To use the new formula we use the line in Figure 7.1.6 that corresponds to the relevant sample size.

Example \(\PageIndex{1}\)

A sample of size \(15\) drawn from a normally distributed population has sample mean \(35\) and sample standard deviation \(14\). Construct a \(95\%\) confidence interval for the population mean, and interpret its meaning.

Solution:

Since the population is normally distributed, the sample is small, and the population standard deviation is unknown, the formula that applies is Equation \ref{tdist}.

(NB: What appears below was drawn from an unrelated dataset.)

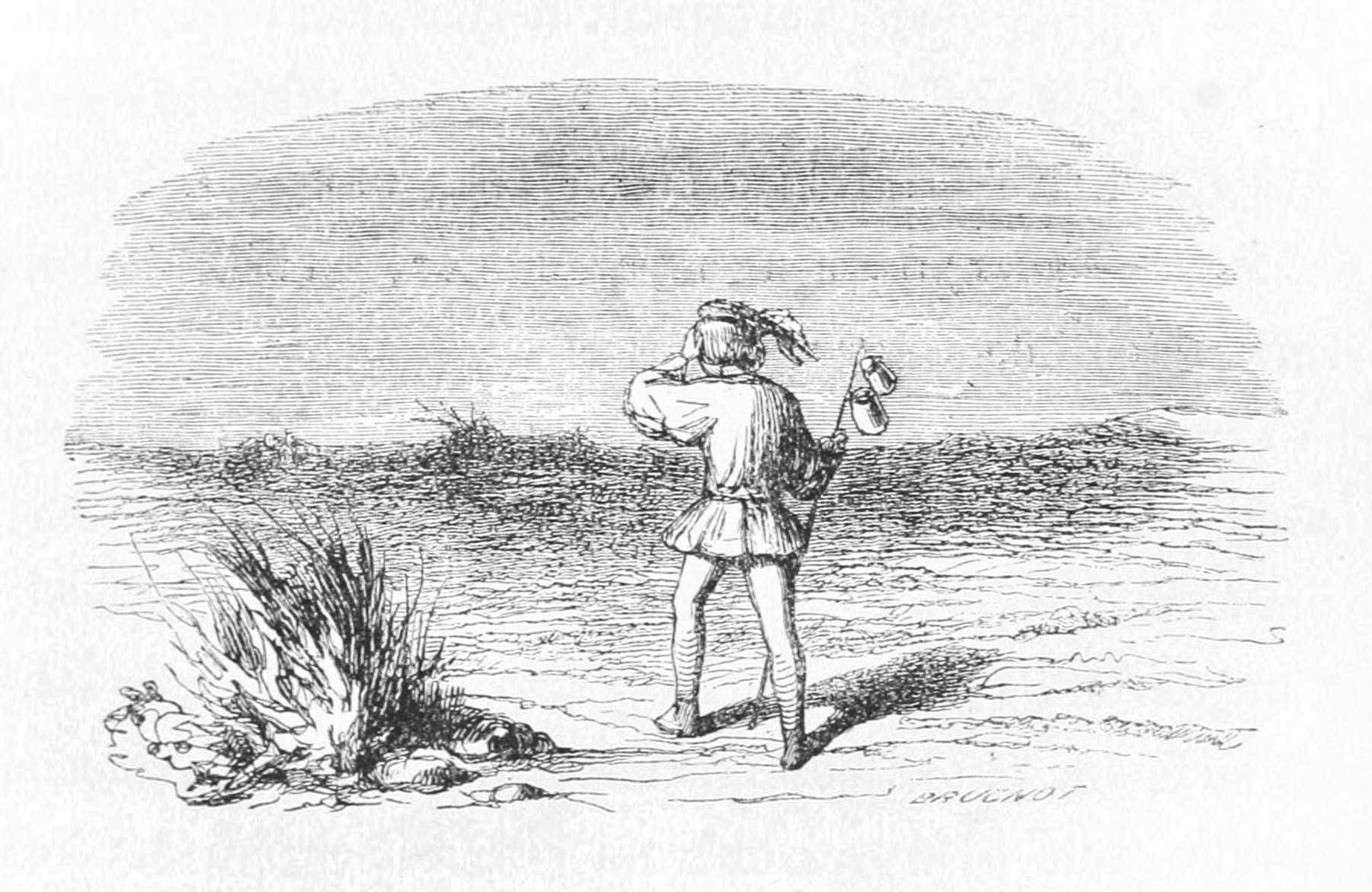 Trésor des Fèves marcha, marcha, faisant des enjambées terribles comme un homme de cinq pieds, et regardant deci, delà, les choses d’apparence inconnue qui se trouvoient sur sa route; car il n’avoit jamais pensé que la terre fût si grande et si curieuse. Cependant, quand il eut marché plus d’une heure, ce qu’il jugeoit à la hauteur du soleil, et comme il s’étonnoit de n’être pas encore rendu à la ville au train qu’il étoit allé, il lui sembla qu’on lui crioit:

Confidence level \(95\%\) means that

\[α=1−0.95=0.05\]

so \(α/2=0.025\). Since the sample size is \(n = 15\), there are \(n−1=14\) degrees of freedom. By Figure 7.1.6 \(t_{0.025}=2.145\). Thus

\[\begin{align} \overline{x} &= ±t_{α/2} \left( \dfrac{s}{\sqrt{n}}\right) \\ &=35 ± 2.145 \left( \dfrac{14}{\sqrt{15}} \right) \\ &=35 ±7.8 \end{align} \]

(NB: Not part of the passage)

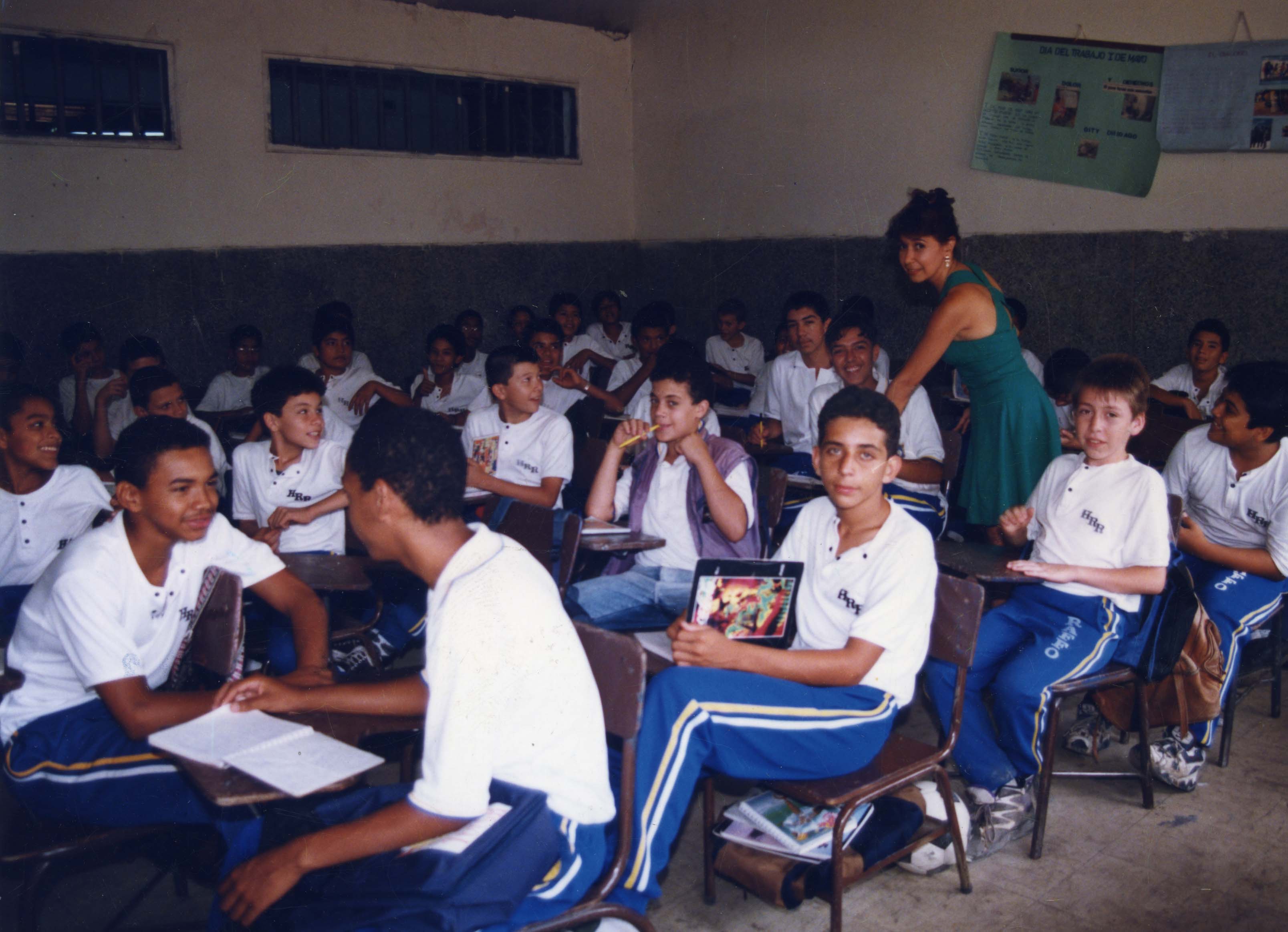 En el pie de foto dice lo siguiente: La calidad en la educación demostrada por los 130 docentes licenciados que tiene a su cargo 64 cursos, ha sido fundamental para que los alumnos siempre se distingan por obtener excelentes resultados en las pruebas del Icfes. Observamos los estudiantes en clases

One may be \(95\%\) confident that the true value of \(μ\) is contained in the interval

\[(35−7.8, 35+7.8) = (27.2,42.8).\]

Example \(\PageIndex{2}\)

A random sample of \(12\) students from a large university yields mean GPA \(2.71\) with sample standard deviation \(0.51\). Construct a \(90\%\) confidence interval for the mean GPA of all students at the university. Assume that the numerical population of GPAs from which the sample is taken has a normal distribution.

Solution:

Since the population is normally distributed, the sample is small, and the population standard deviation is unknown, the formula that applies is Equation \ref{tdist}

Confidence level \(90\%\) means that

\[α=1−0.90=0.10\]

so \(α/2=0.05\). Since the sample size is \(n = 12\), there are \(n−1=11\) degrees of freedom. By Figure 7.1.6 \(t_{0.05}=1.796\). Thus

\[\begin{align} \overline{x} &= ±t_{α/2} \left( \dfrac{s}{\sqrt{n}}\right) \\ &=2.71 ± 1.796 \left( \dfrac{0.51}{\sqrt{12}} \right) \\ &=2.71 ±0.26 \end{align} \]

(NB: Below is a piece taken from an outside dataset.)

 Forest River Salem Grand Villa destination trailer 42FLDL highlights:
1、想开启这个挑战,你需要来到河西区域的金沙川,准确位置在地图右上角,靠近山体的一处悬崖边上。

One may be \(90\%\) confident that the true average GPA of all students at the university is contained in the interval

\[(2.71−0.26,2.71+0.26)=(2.45,2.97).\]

Compare "Example 4" in Section 7.1 and "Example 6" in Section 7.1. The summary statistics in the two samples are the same, but the \(90\%\) confidence interval for the average GPA of all students at the university in "Example 4" in Section 7.1, \((2.63,2.79)\), is shorter than the \(90\%\) confidence interval \((2.45,2.97)\), in "Example 6" in Section 7.1. This is partly because in "Example 4" in Section 7.1 the sample size is larger; there is more information pertaining to the true value of \(\mu\) in the large data set than in the small one.

Key Takeaway

  • In selecting the correct formula for construction of a confidence interval for a population mean ask two questions: is the population standard deviation \(\sigma\) known or unknown, and is the sample large or small?
  • We can construct confidence intervals with small samples only if the population is normal.